Она близко подошла к нему. На ней была ярко-белая шелковая блузка. Одна перламутровая пуговица на самой середине груди расстегнулась от тяжелого дыхания.
– Ну, что ты молчишь? Говори.
– Я знаю не больше, чем ты.
– С чего это вдруг он оставил тебе? Ведь есть же племянники! Два «ангелочка»!
– Эвелин, – он медленно произнес ее имя, так медленно, что она должна была бы понять, чего ему стоит сдержаться, – Майкл Краузе сам себя осудил и сам себе вынес приговор. Даже если ты считаешь, что он был грешен. Чайковский, которого ты, кажется, любишь и музыку которого не только слушаешь, но и сама играешь…
– При чем здесь Чайковский?
– О том, что Чайковский любил мальчиков, я случайно узнал только здесь, в Нью-Йорке. В Советском Союзе об этом не говорили. К тому же я сам был ребенком. Меня это все не касалось. За это, наверное, сажали надолго.
– Все это обычный твой треп! – с яростью перебила она. – Ответь мне, почему мистер Краузе оставил моему мужу и отцу моего сына музыкальную коллекцию?
– Сдаюсь! Угадала. Мы были любовниками! – Фишбейн отвернулся и захохотал.
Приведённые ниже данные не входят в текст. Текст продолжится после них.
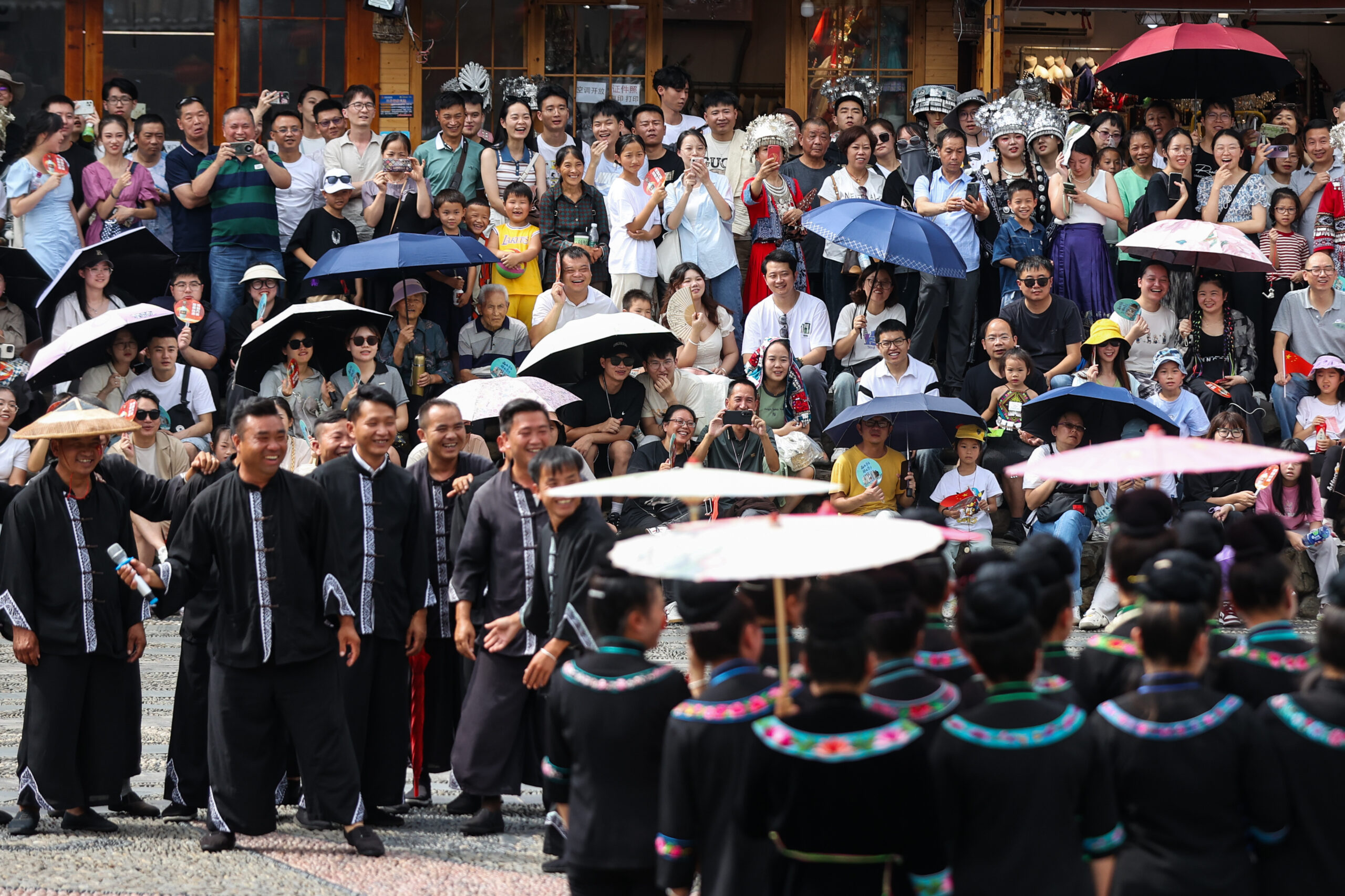 10月6日,中国文化和旅游部发布的消息显示,2023年中秋节、国庆节假期,文化和旅游行业恢复势头强劲,全国假日市场平稳有序。经文化和旅游部数据中心测算,中秋节、国庆节假期8天,国内旅游出游人数8.26亿人次,按可比口径同比增长71.3%,按可比口径较2019年增长4.1%;实现国内旅游收入7534.3亿元人民币,按可比口径同比增长129.5%,按可比口径较2019年增长1.5%。图为10月1日,贵州省黔东南州雷山县西江千户苗寨景区民俗表演吸引游客观看。

– Издеваешься, да? – прошептала она. – Смейся, смейся! Но я все-таки надеюсь, что у тебя хватит ума отказаться от этого наследства?
– Отказаться? Ты с ума сошла! Я, нищий, эмигрант, сидящий на шее у своей богатенькой обворожительной жены, откажусь от такого подарка? Ни за что и никогда! Теперь я сам буду богатым человеком, начну делать добрые дела, куплю себе белый «Кадиллак»… Сперва куплю белый пиджак, потом «Кадилак», потом…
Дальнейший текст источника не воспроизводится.